Handling Unstructured Data, Effectively

By CIOReview | Friday, August 19, 2016

The volume, ramification, and diversity of data is growing year after year. Expectedly, by 2017, more than 30 percent of the IT organizations would be seen pursuing advanced analytics and data management to sustain in a competitive environment, reveals an IBM report. Today, majority of organizations contending with data analytics projects commence from the wrong place—some end too early, some take too long but still fall short. Most of the data that mean and matters still rests across disconnected silos in assorted formats. Except for a handful of leaders (like LinkedIn, Netflix, Nordstrom, Target and Verizon), numerous companies are still struggling to close the gap between data collection, insights and action. In simple words, it is unlikely to meet an honest big data analytics.

By and large, organizations deal in two kinds of data i.e. structured data and unstructured data. Some big data analytic tools—primarily those based on Hadoop—are designed from square one to analyze and manage unstructured information. The obsession with analytics application urge to focus more on structured than unstructured data, thereby rationalizing important BI investments.

Exploiting Unstructured Data

For unstructured data, there are several forms—textual unstructured data and non-textual unstructured data, which includes images, sounds, colors, and shapes. Classification of unstructured textual data is a tough row to hoe; it is so pervasive and so ubiquitous. Due to this topsy-turvy unpredictable nature, it has been a herculean task to generalize how to approach unstructured textual data. of spreadsheets.

Organizations often recruit from strong quantitative backgrounds—such as accountants, financial analysts, engineers, economists, actuaries, statisticians—to analyze large complex data sets. Though this method allows expertise to slice and dice any type of data, it is often a strenuous process.  Fortuitously, adding a depth to data analysis, technology has developed the right tools for unstructured data and businesses are free to use and explore this data as per their greatest potential.

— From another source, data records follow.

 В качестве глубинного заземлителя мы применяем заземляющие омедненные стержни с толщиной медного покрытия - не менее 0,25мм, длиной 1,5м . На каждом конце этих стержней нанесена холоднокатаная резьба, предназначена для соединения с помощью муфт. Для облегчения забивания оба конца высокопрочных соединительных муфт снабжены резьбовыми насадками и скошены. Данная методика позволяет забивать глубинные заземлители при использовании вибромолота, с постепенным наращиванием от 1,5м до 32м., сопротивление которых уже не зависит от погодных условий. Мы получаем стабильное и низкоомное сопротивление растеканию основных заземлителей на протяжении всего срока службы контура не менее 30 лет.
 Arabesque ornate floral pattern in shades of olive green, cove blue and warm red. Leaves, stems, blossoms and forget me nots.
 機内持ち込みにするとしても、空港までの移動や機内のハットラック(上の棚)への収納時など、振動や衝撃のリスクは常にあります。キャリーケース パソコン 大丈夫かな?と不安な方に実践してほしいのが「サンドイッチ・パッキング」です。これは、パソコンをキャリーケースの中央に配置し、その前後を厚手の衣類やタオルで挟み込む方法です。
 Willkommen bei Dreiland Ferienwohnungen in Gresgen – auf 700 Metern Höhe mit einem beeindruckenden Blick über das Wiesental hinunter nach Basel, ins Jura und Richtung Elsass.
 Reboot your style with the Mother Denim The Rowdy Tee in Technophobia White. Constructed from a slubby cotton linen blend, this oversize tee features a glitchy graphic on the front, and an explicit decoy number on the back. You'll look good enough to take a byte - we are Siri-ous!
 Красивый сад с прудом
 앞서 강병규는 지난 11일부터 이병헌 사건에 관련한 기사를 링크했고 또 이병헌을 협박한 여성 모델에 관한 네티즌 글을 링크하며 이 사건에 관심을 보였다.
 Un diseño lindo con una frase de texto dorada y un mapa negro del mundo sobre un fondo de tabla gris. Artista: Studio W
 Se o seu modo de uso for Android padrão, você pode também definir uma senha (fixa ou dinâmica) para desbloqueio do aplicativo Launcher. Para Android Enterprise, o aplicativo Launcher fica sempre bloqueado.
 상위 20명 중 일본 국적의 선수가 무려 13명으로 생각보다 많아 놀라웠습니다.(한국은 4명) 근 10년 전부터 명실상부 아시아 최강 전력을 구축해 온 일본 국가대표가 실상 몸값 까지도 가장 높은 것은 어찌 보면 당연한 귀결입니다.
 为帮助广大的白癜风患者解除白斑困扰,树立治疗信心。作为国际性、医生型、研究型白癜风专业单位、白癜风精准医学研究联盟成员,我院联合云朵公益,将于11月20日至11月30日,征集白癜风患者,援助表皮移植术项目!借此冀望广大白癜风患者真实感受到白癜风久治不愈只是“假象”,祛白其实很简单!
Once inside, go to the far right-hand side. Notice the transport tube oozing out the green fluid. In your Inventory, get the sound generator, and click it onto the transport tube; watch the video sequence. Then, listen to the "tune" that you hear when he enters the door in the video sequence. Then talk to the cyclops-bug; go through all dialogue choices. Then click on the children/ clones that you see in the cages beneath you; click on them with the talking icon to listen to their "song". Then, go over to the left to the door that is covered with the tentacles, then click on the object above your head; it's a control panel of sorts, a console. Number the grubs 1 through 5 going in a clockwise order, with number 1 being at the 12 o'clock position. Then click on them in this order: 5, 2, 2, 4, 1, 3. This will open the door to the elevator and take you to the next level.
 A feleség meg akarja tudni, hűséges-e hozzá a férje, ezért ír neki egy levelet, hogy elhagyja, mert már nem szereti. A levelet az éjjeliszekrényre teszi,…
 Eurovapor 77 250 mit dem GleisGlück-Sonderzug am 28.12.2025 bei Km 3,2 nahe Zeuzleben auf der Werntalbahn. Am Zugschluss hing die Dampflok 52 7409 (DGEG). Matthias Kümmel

“Unstructured data is really coming to the fore of people's minds,” explains Nick Millman, a Senior Director at Accenture Information Management Services. “We are at a tipping point: There is as much value in unstructured data in terms of what customers are thinking on the web and what businesses can derive from other organizations’ data,” he adds.

Gambling with Unstructured Data Management

Data quality, data categorization, combining structured and unstructured data often pose to be a threat for several business. The typical data with financial services companies—including internal/external communication, mobile data, and financial news—are at potential threat as these represent grand share of their total data. They cannot afford to lose any financial data due to lack in governance process in handling unstructured data.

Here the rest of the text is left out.